2" square in bright and brushed would appear to be out of stock, but I don't think prices would make it viable anyway.


----------



## profchris (11 Nov 2019)

Lots on eBay, but you are looking at over £60 per leg!


----------



## flh801978 (11 Nov 2019)

May be best to clad square timber legs with 0.5mm or so brass sheet
Easy to do for a sheet metal company with a brake


----------



## marcros (11 Nov 2019)

Where are you based?


----------



## sunnybob (11 Nov 2019)

Youre most likely looking for brass plated mild steel box section. It was very common in the 70's.
This might put you off of solid brass
https://www.metals4u.co.uk/brass/c2/bra ... 5mm/p53964


----------



## petertheeater (11 Nov 2019)

Thanks all. Yes doesn't seem readily available over 1 1/2" (which is a bit too small for my needs)..
I am North London based.
If these people want brass they will pay for it so cost isn't the overriding factor. Besides doing them in nice timber is still of a certain cost.
Nice and polished against a nice timber or veneer will I think be worth it.


----------



## petertheeater (11 Nov 2019)

Sorry the "these people" sounds a bit dismissive. I mean my lovely discerning clients.


----------



## petertheeater (11 Nov 2019)

flh801978":16t71o9d said:


> May be best to clad square timber legs with 0.5mm or so brass sheet
> Easy to do for a sheet metal company with a brake


Can this be done nicely?


----------



## Bm101 (11 Nov 2019)

https://www.ebay.co.uk/i/113587766725?c ... gLL2PD_BwE

Worth a try? Use formers and clamps and epoxy in stages. Cut a housing slice for the initial start then bed round carefully. 
?


----------



## Inspector (11 Nov 2019)

I looked for "brass leg caps" and got the one below. Maybe try to contact them and see if they have bigger.

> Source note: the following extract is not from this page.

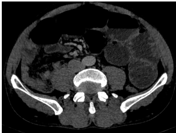
Figura 2. Tomografia computadorizada de abdome, evidenciando distensão difusa de alças intestinais delgadas e cólicas, com nível hidroaéreo.

Optamos por realizar uma tomografia computadorizada de abdome com contraste, evidenciando distensão difusa de alças intestinais delgadas e cólicas, com nível hidroaéreo a esclarecer (figura 2). Paciente foi submetido a uma laparotomia exploradora, no qual foi evidenciado diverticulite de Meckel com distensão de alças do intestino delgado proximal ao divertículo (figura 3).
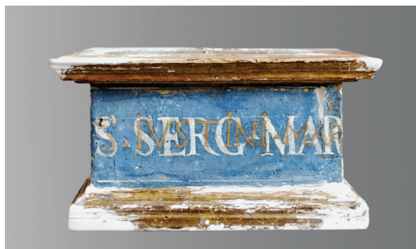
7. Postament relikvijara Sv. Sergija, tijekom restauratorskog postupka vidljiva su oba natpisa (fototeka HRZ-a, snimila I. N. Unković) The base of St. Sergius's reliquary during the restoration process, both inscriptions are visible, (Croatian Conservation Institute Photo Archive, photo by I. N. Unković)

Relikvijari su podvrgnuti uklanjanju završnog premaza i površinske prljavštine. Na postamentima su prezentirana oba natpisa, i to tako da podno natpisa s. IVSTINIMAR izviru originalni natpisi s. GREGORII. MAR i s. SERG MAR S. Uklonjen je svijetloplavi preslik s mitre sv. Stjepana pape. Zahvaljujući tom postupku, otkriven je sloj polimenta i tragovi srebrnih listića. Nakon konsolidacije slojeva polikromije i drvenog nosioca, pristupilo se parcijalnoj rekonstrukciji na dijelovima na kojima je to bilo potrebno, ponajprije radi statičke stabilnosti, a djelomično i estetike. Tako su u drvu lipe rekonstruirani rubovi mitre, nedostajući prsti šake relikvijara sv. Klare, dok su kitom rekonstru-

https://www.ebay.co.uk/itm/REPAIR-PARTS ... Swi8VZVb7z

"Plan B" would be to get brass sheet as already suggested and have it either folded and braze the corner or braze all four corners if they must be sharp. You'll have to hunt down someone that can do the brazing.

Or "Plan C" would be to get aluminium box section extrusion and after cutting to length have it anodized gold. No doubt there are more that you can search up. Some of the suppliers below can also do it all in house saving you a lot or running around.

https://www.metals4u.co.uk/aluminium/c1 ... (2x2x16swg)/p799

https://www.richelieuglazingsupplies.co ... 0126391210

https://www.spaaluminium.com

https://www.metalsupplies.com/products/ ... x-section/

https://www.aluminiumwarehouse.co.uk/al ... quare-tube

Pete


----------



## TFrench (12 Nov 2019)

Brass plating:
www.broadwaybrass.co.uk/


----------



## Roland (12 Nov 2019)

https://maccmodels.co.uk/shop/2-brass-square-cz121-2/


----------



## Richard_C (12 Nov 2019)

I assume both the brass-ness and the square-ness are important to you. 

If brass and cost outweighs the shape, have a look at the hairpin leg company (amazon). I've just used some yellow powder coated ones and am very pleased with the quality, and they do a brass plated finish in a range of sizes up to 850 long. Ikea used to do a range of legs, I don't recall brass finish though.


----------